▸ **Task to complete**
With pictures removed, the data below should be returned exactly.

Stored records

━━━━━━━━━━

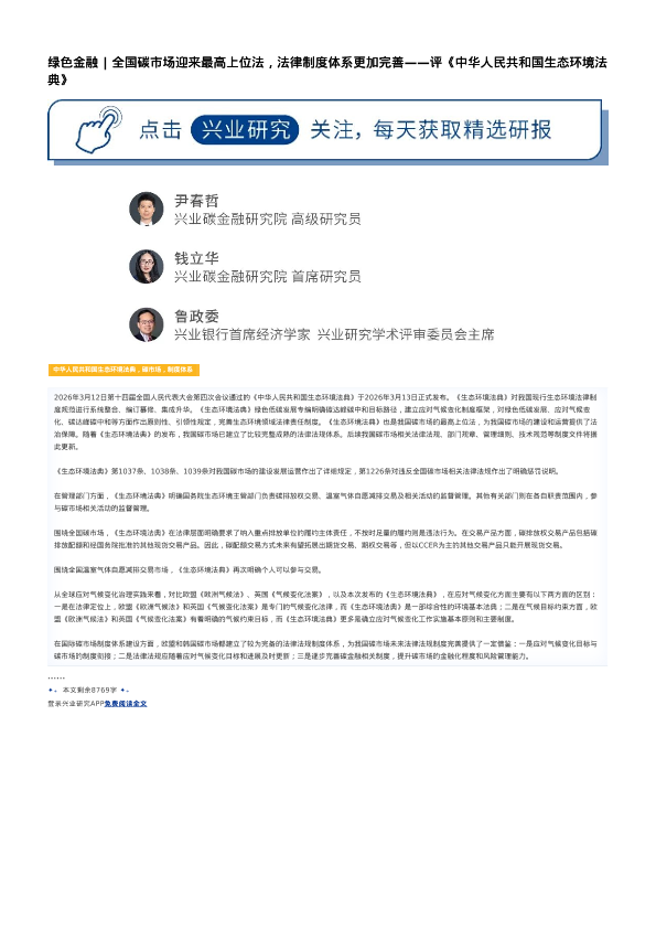 【兴业研究】【202603】全国碳市场迎来最高上位法,法律制度体系更加完善——评《中华人民共和国生态环境法典》-4页
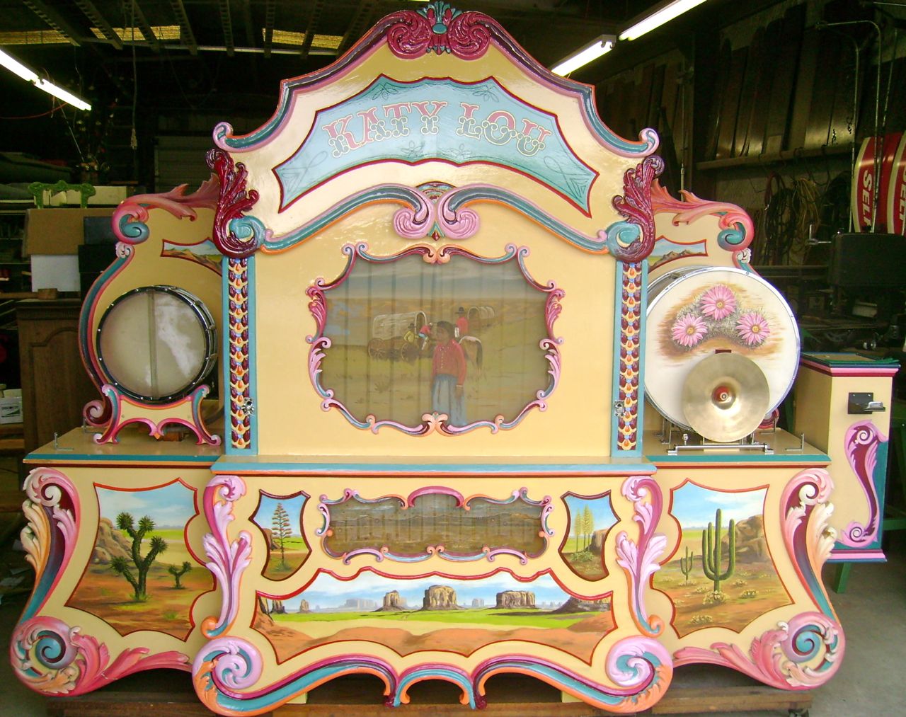 Katy Lou is owned by the Emporium on the Strand in Galveston, Texas. It is a delightful Wurlitzer Style #153 Duplex Organ made by Wurlitzer Company of North Tonawanda, New York in 1917. Music is controlled by perforated music rolls. Katie Lou has two roll mechanisms capable of playing 20 selections before repeating them hence the name duplex organ. Listening to this unique instrument is a treat. There is no sound like a Wurlitzer Band Organ to brighten your day.
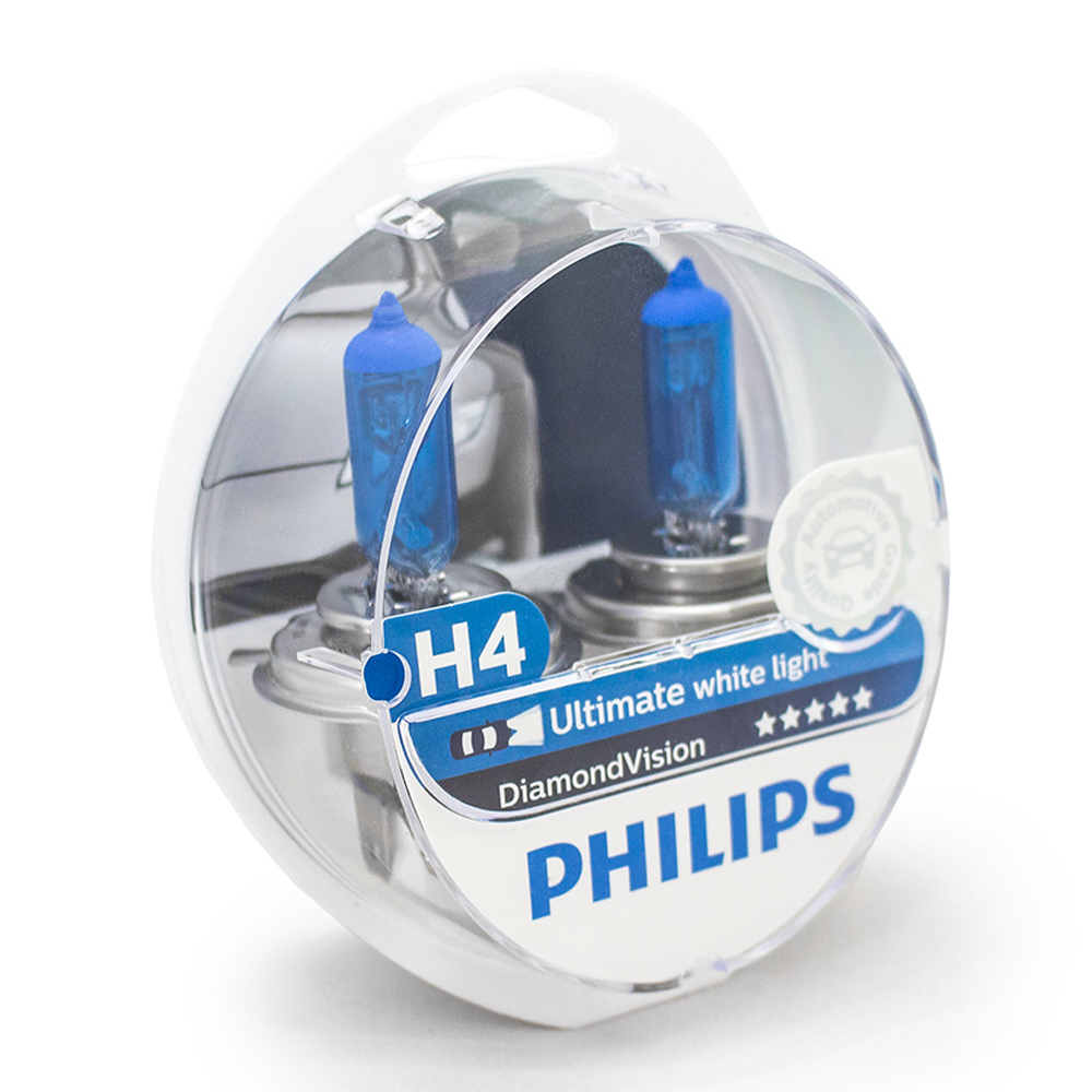 Галогенна лампа PHILIPS 12342DVSP H4 Diamond Vision - лампа призначена для використання в ближньому та дальньому освітленні автомобіля. Лампа забезпечує яскравий білий відтінок світіння та дає більше освітлення на дорозі, ніж стандартна галогенна лампа. Це всепогодна лампа, яка чудово розкриє свій потенціал в умовах поганої видимості та складних дорожніх умов. Галогенна лампа PHILIPS 12342DVSP H4 Diamond Vision відрізняється високою стійкістю до перепадів температур та вібрації, що унеможливлює передчасне перегорання.
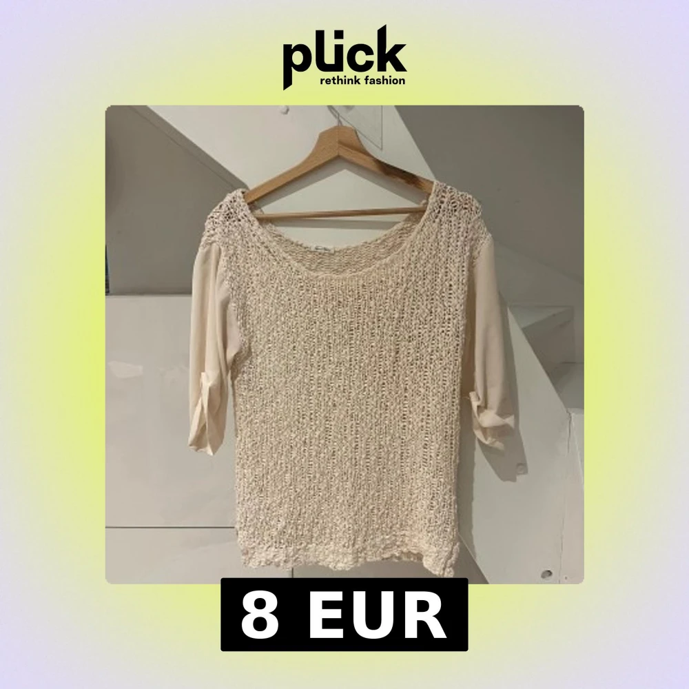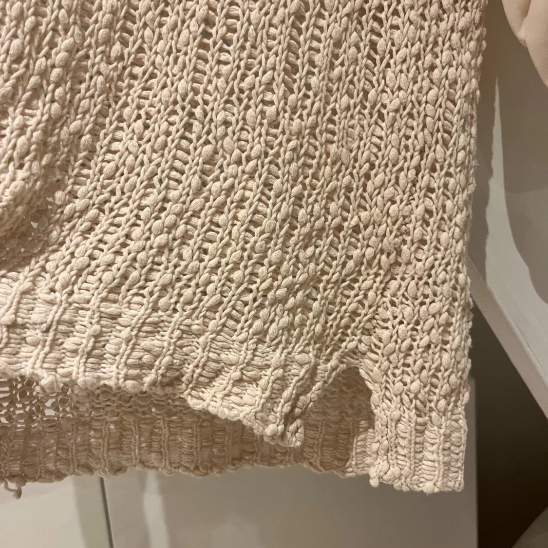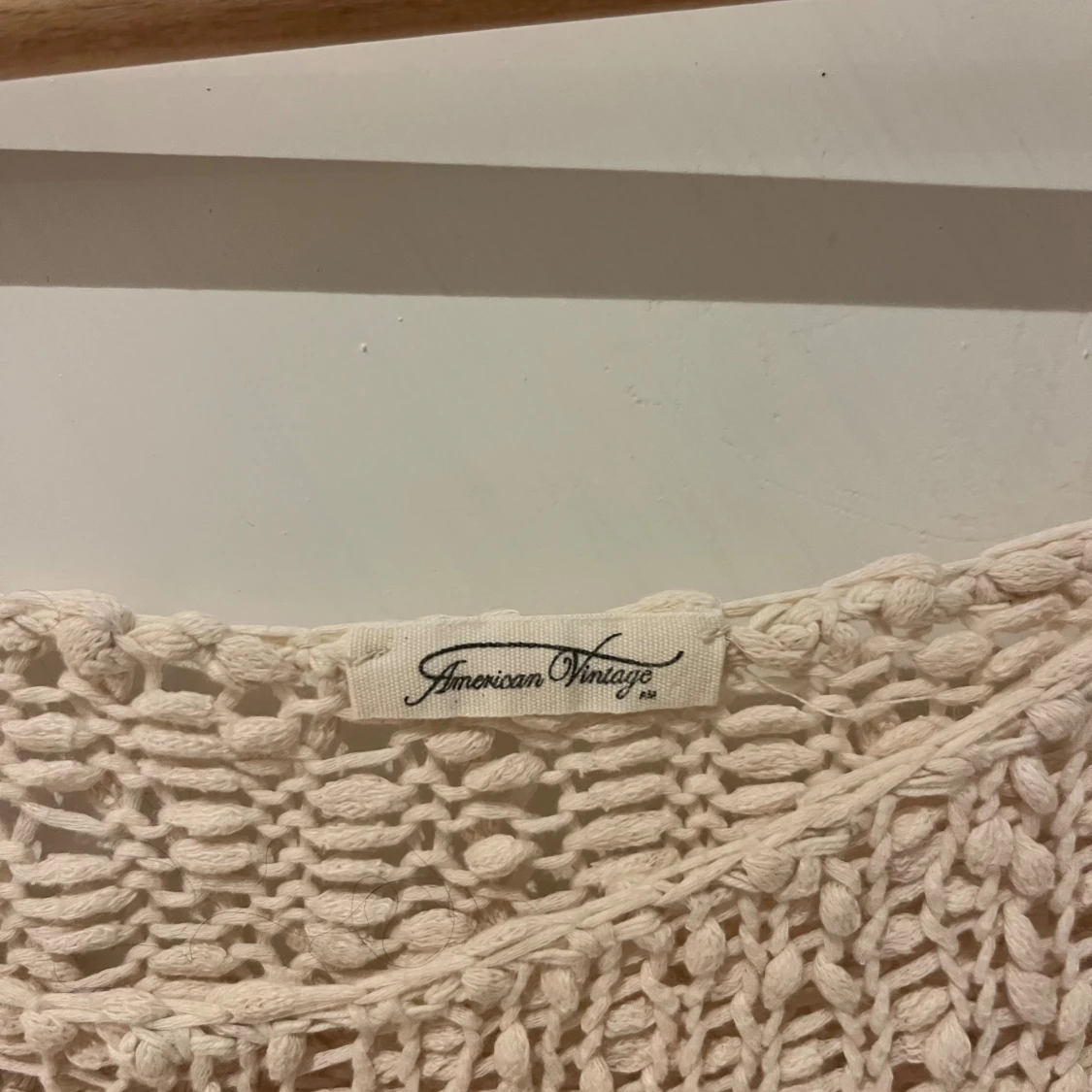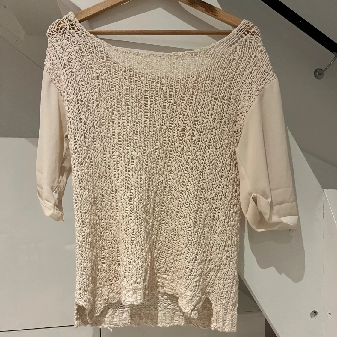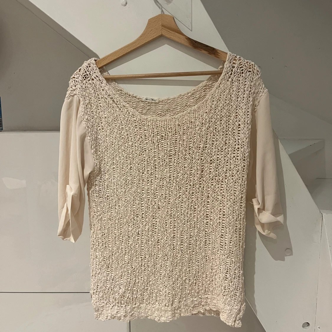 Säljer en beige stickad tröja från American Vintage med snyggt grovstickat framstycke och mjuka, enfärgade ärmar i trekvartsmodell. Tröjan har avslappnad passform och rund halsringning, perfekt för lager-på-lager-stil.
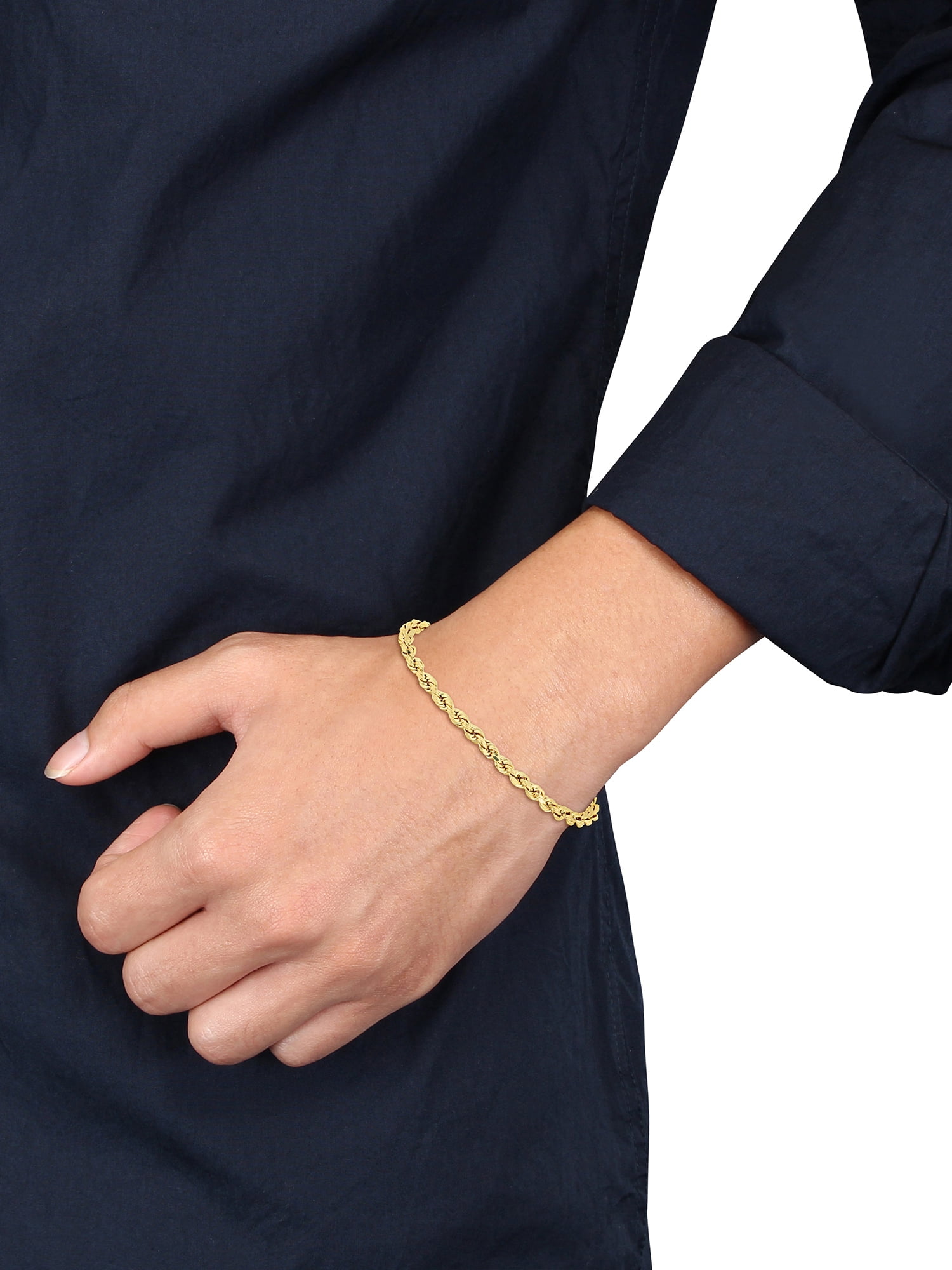 Subtle and sophisticated, surprise him with this handsome Miabella Rope Chain Necklace and Bracelet Set he can wear anytime, anywhere. Crafted in warm yellow gold, both the rope chain necklace and bracelet are appropriate any day. This 24-inch necklace is 5mm wide and the matching gold 9-inch bracelet both secure with a lobster clasp. This two-piece men’s gold jewelry set is a great gift idea for a man you love and appreciate.

━━━━━━━━━━

▸ **Response below**
 【兴业研究】【202603】全国碳市场迎来最高上位法,法律制度体系更加完善——评《中华人民共和国生态环境法典》-4页
 Katy Lou is owned by the Emporium on the Strand in Galveston, Texas. It is a delightful Wurlitzer Style #153 Duplex Organ made by Wurlitzer Company of North Tonawanda, New York in 1917. Music is controlled by perforated music rolls. Katie Lou has two roll mechanisms capable of playing 20 selections before repeating them hence the name duplex organ. Listening to this unique instrument is a treat. There is no sound like a Wurlitzer Band Organ to brighten your day.
 Галогенна лампа PHILIPS 12342DVSP H4 Diamond Vision - лампа призначена для використання в ближньому та дальньому освітленні автомобіля. Лампа забезпечує яскравий білий відтінок світіння та дає більше освітлення на дорозі, ніж стандартна галогенна лампа. Це всепогодна лампа, яка чудово розкриє свій потенціал в умовах поганої видимості та складних дорожніх умов. Галогенна лампа PHILIPS 12342DVSP H4 Diamond Vision відрізняється високою стійкістю до перепадів температур та вібрації, що унеможливлює передчасне перегорання.
 Säljer en beige stickad tröja från American Vintage med snyggt grovstickat framstycke och mjuka, enfärgade ärmar i trekvartsmodell. Tröjan har avslappnad passform och rund halsringning, perfekt för lager-på-lager-stil.
 Subtle and sophisticated, surprise him with this handsome Miabella Rope Chain Necklace and Bracelet Set he can wear anytime, anywhere. Crafted in warm yellow gold, both the rope chain necklace and bracelet are appropriate any day. This 24-inch necklace is 5mm wide and the matching gold 9-inch bracelet both secure with a lobster clasp. This two-piece men’s gold jewelry set is a great gift idea for a man you love and appreciate.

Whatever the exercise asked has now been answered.